Collected material Block Start

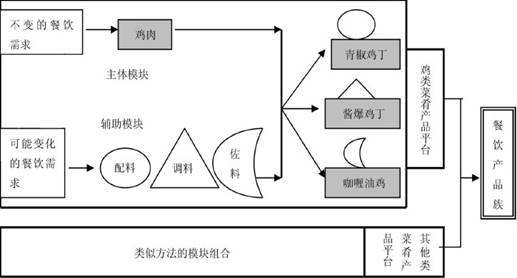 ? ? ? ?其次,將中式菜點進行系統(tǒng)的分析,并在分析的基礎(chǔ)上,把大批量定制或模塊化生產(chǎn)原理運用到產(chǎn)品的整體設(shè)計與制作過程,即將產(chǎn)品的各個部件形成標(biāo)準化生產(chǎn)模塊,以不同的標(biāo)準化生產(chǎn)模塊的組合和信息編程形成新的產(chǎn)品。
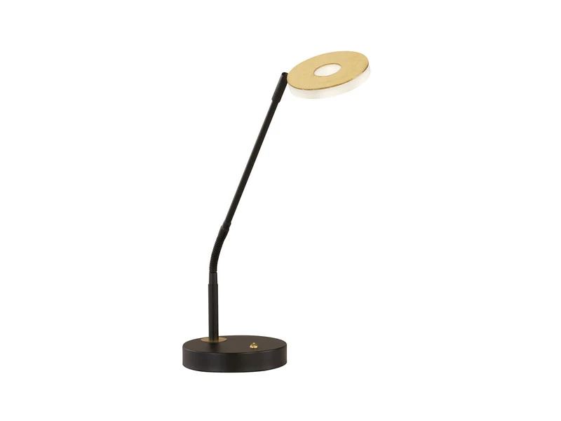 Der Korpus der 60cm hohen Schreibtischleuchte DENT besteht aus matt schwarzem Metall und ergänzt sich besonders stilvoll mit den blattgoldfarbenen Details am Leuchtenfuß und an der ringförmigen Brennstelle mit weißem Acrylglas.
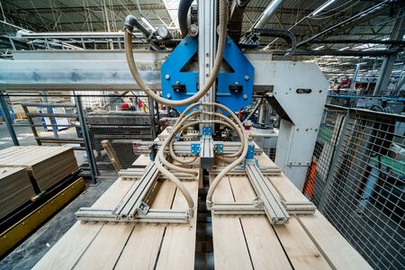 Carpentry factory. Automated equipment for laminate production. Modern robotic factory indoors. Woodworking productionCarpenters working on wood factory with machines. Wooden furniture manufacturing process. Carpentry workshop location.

Collected material Block End

**Instructions to follow:** None of the pictures belong in the copy; repeat all other material exactly.

**Solution:**
 ? ? ? ?其次,將中式菜點進行系統(tǒng)的分析,并在分析的基礎(chǔ)上,把大批量定制或模塊化生產(chǎn)原理運用到產(chǎn)品的整體設(shè)計與制作過程,即將產(chǎn)品的各個部件形成標(biāo)準化生產(chǎn)模塊,以不同的標(biāo)準化生產(chǎn)模塊的組合和信息編程形成新的產(chǎn)品。
 Der Korpus der 60cm hohen Schreibtischleuchte DENT besteht aus matt schwarzem Metall und ergänzt sich besonders stilvoll mit den blattgoldfarbenen Details am Leuchtenfuß und an der ringförmigen Brennstelle mit weißem Acrylglas.
 Carpentry factory. Automated equipment for laminate production. Modern robotic factory indoors. Woodworking productionCarpenters working on wood factory with machines. Wooden furniture manufacturing process. Carpentry workshop location.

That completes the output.